- **Input**:
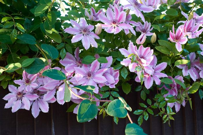 On our walk today we passed this clematis spilling over a fence. As you can see, the sun is out today.
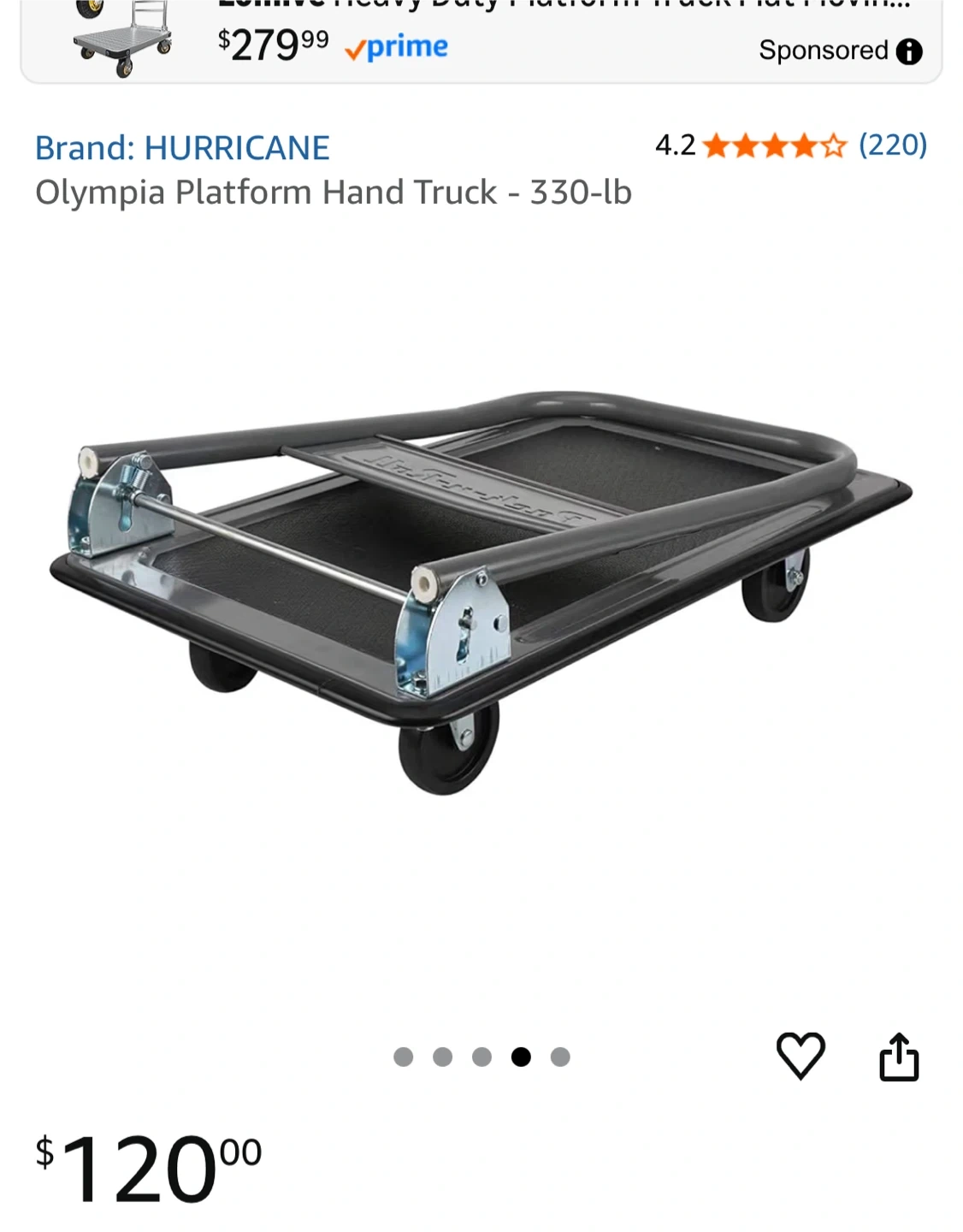 I'm selling Olympia Platform Hand Truck with a 330-lb capacity. It's still in its original packaging.
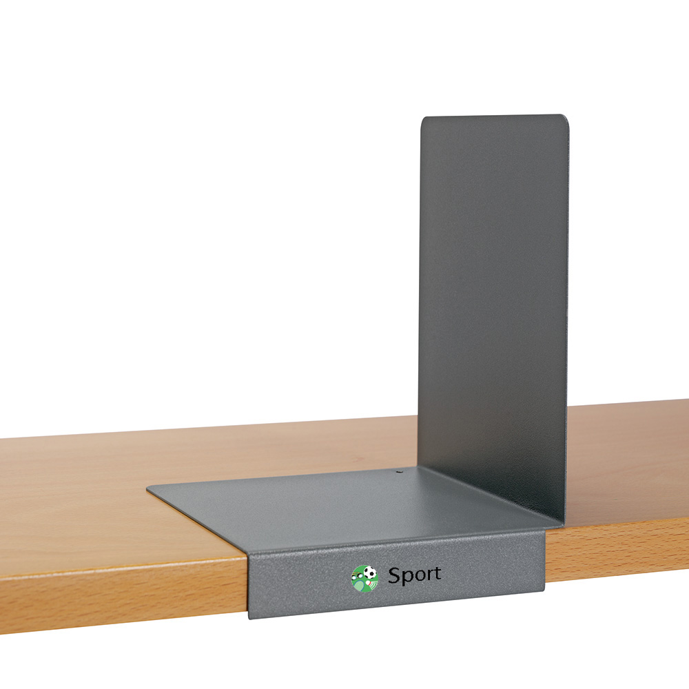 Kanten, som holder bogstøtten på plads på hylden, kan med fordel anvendes til skiltning.
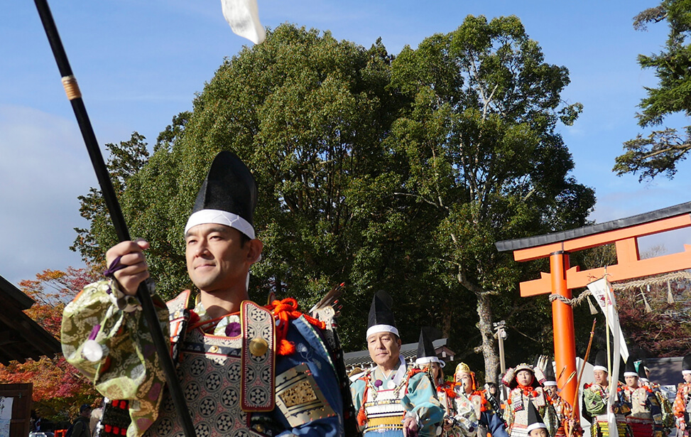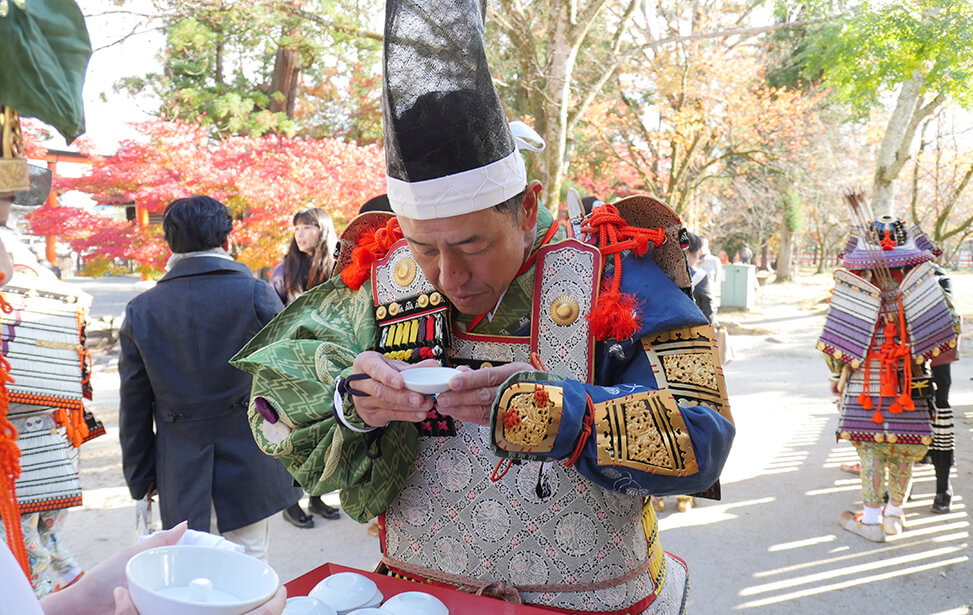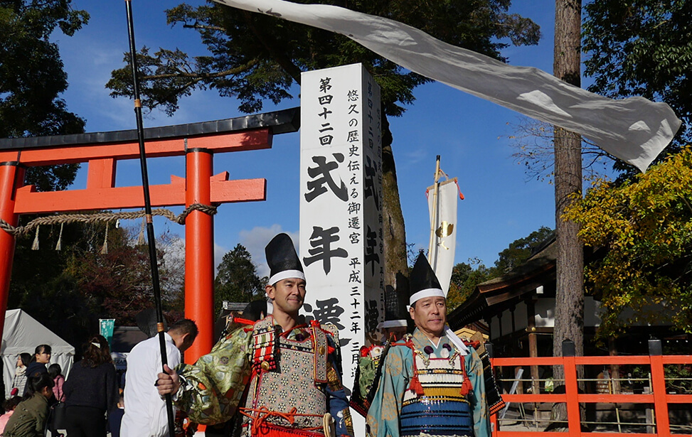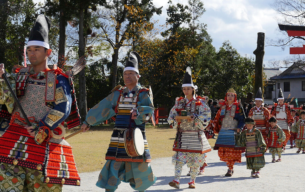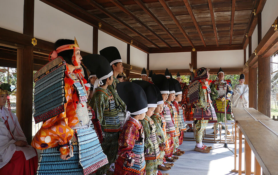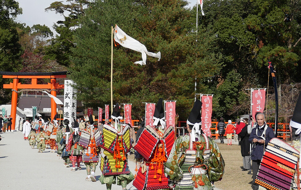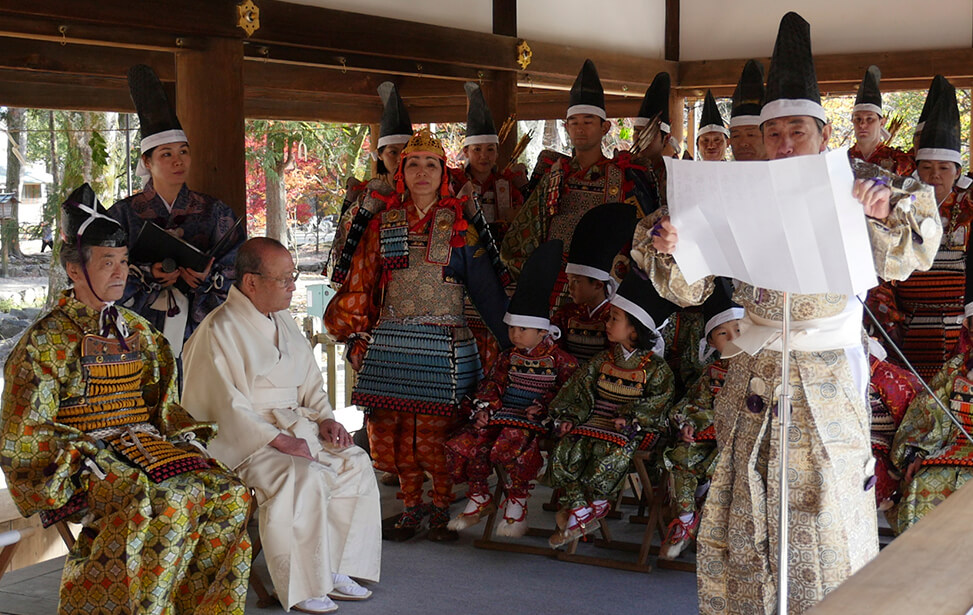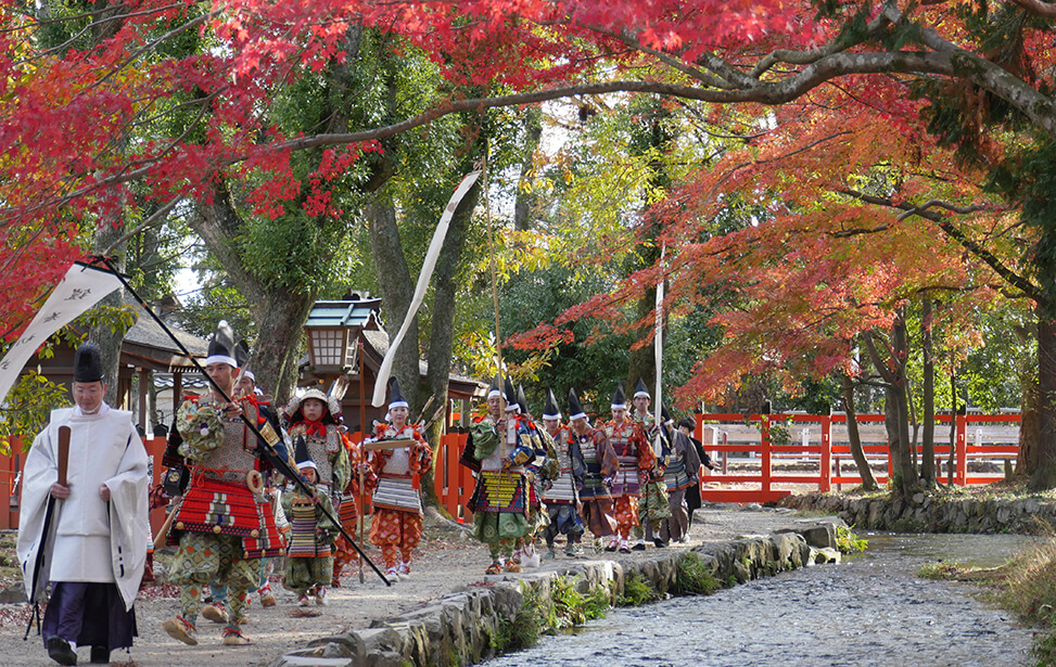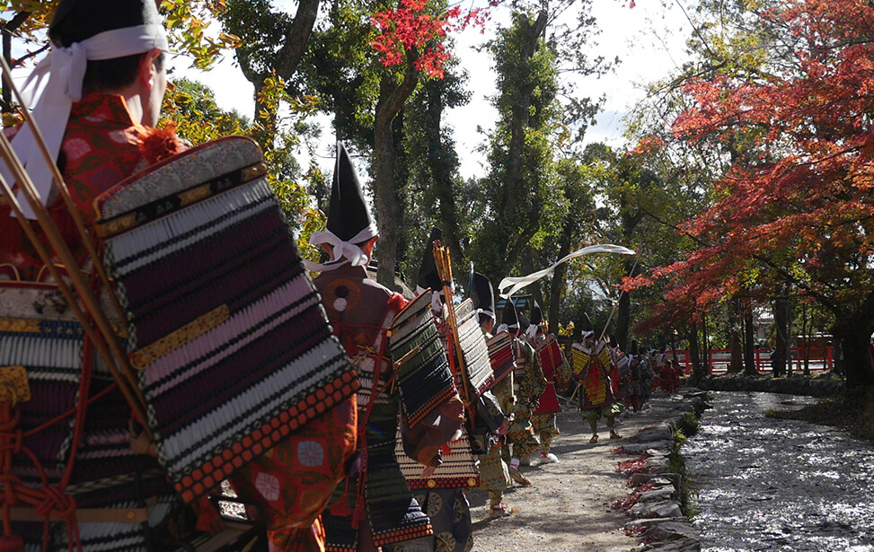 京都の世界文化遺産である上賀茂神社では大鎧の着初式が毎年11月23日に行われています。
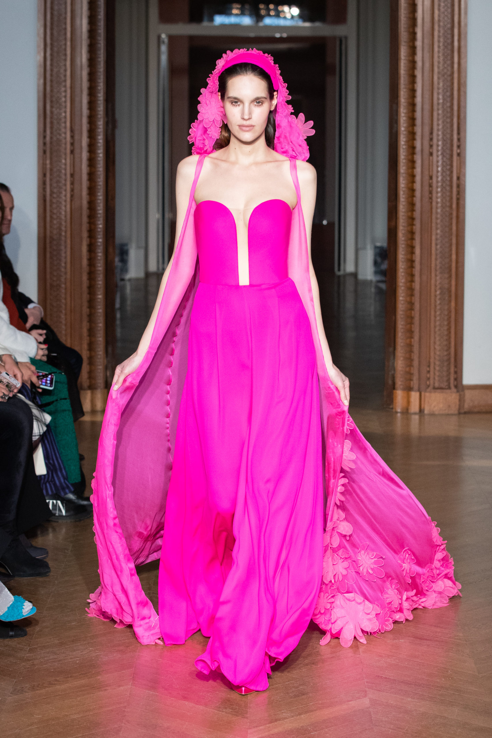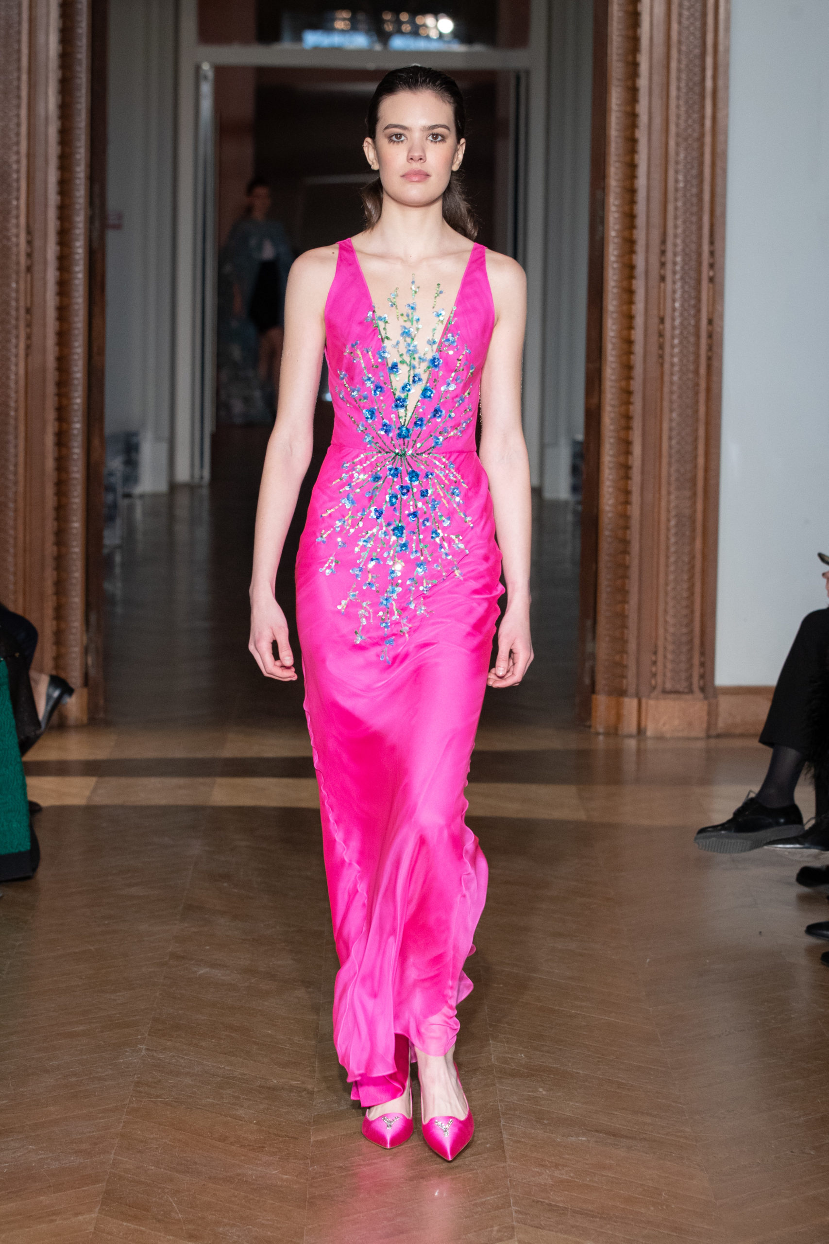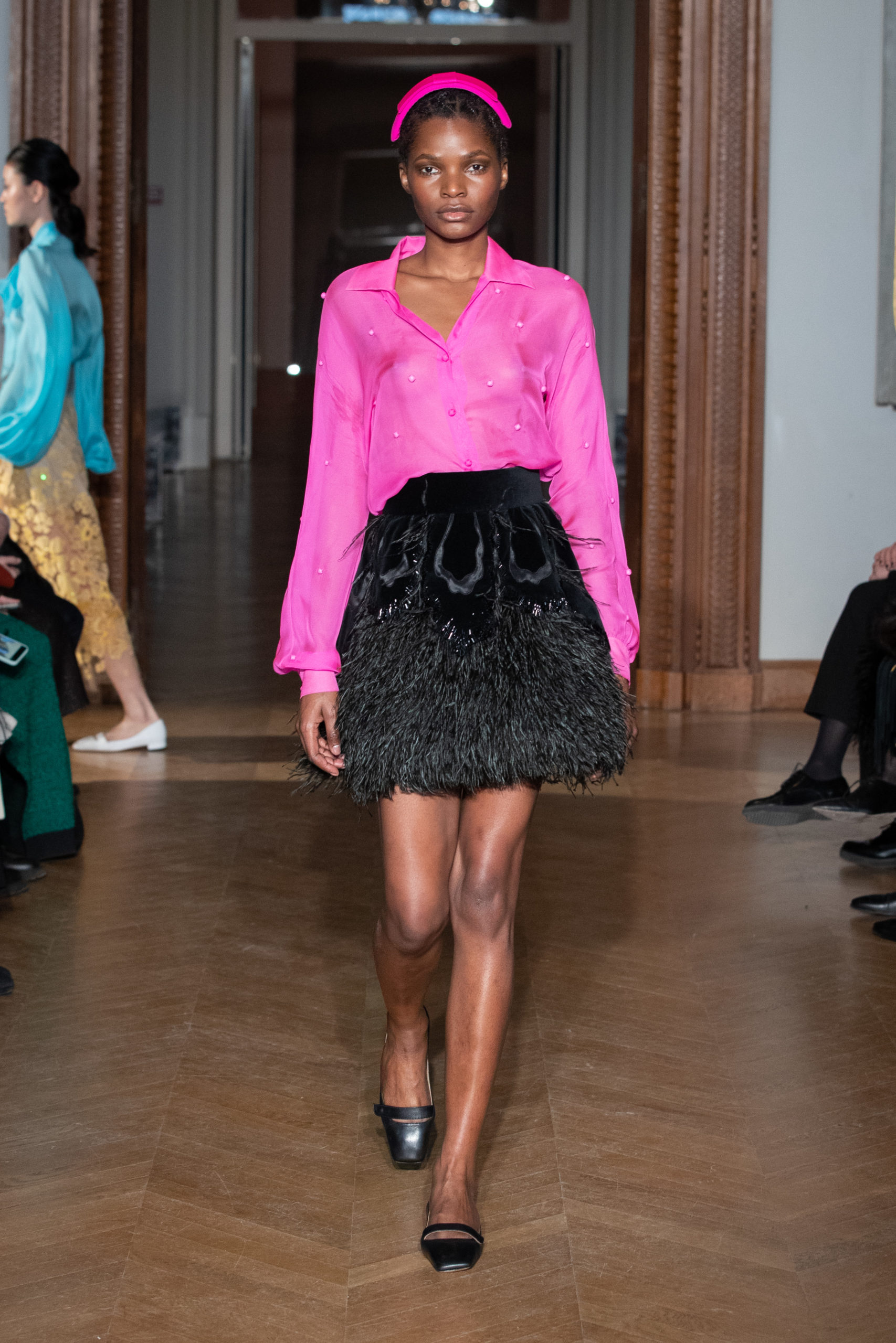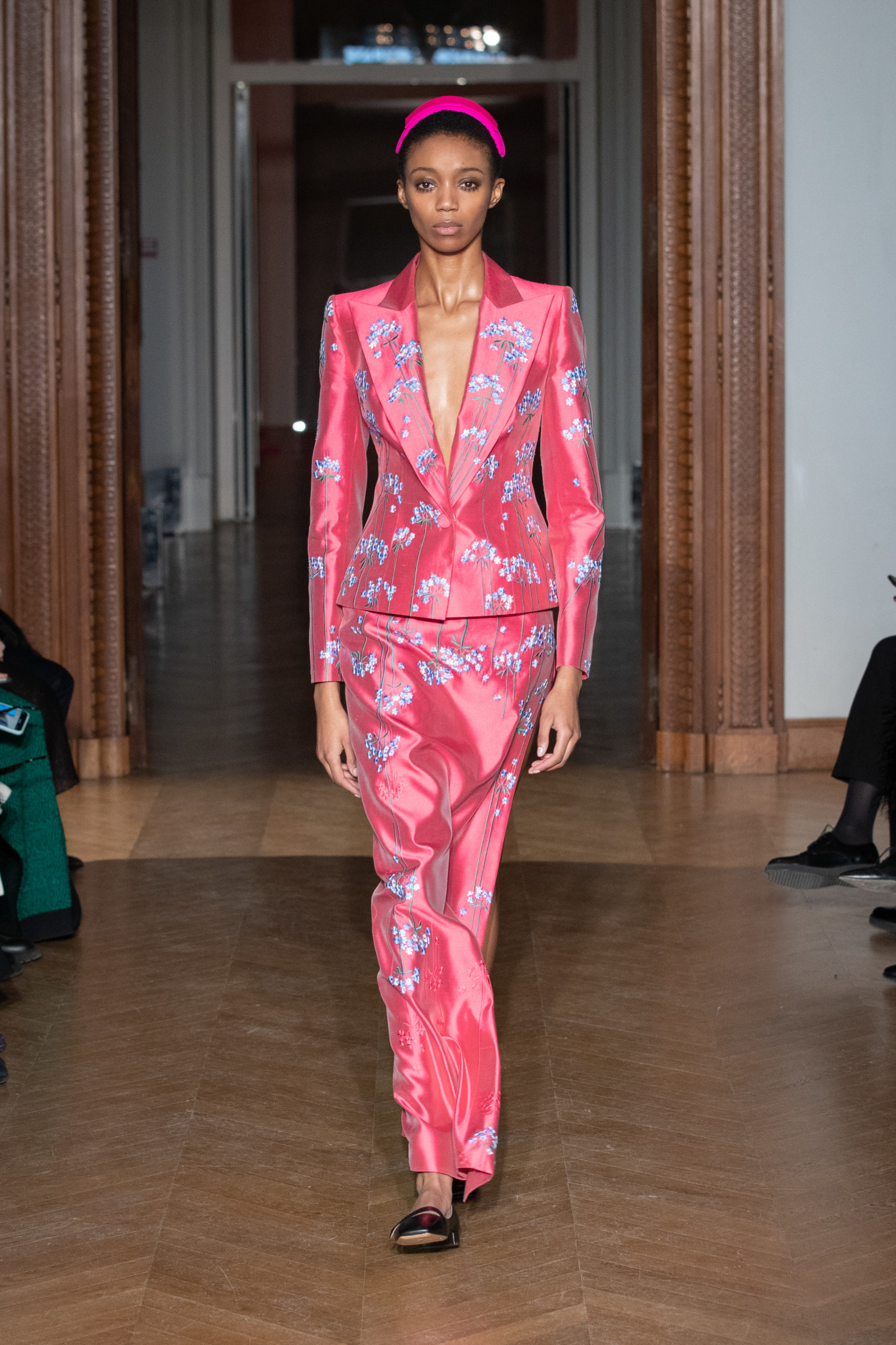 glamour et onirique. La collection est rythmée par des chemisiers délicats, des blouses avec de longues traînes, des vestes au luxe assumé…

- **Your instructions**: Write out the material above exactly; no pictures.

- **Result of this task**:
 On our walk today we passed this clematis spilling over a fence. As you can see, the sun is out today.
 I'm selling Olympia Platform Hand Truck with a 330-lb capacity. It's still in its original packaging.
 Kanten, som holder bogstøtten på plads på hylden, kan med fordel anvendes til skiltning.
 京都の世界文化遺産である上賀茂神社では大鎧の着初式が毎年11月23日に行われています。
 glamour et onirique. La collection est rythmée par des chemisiers délicats, des blouses avec de longues traînes, des vestes au luxe assumé…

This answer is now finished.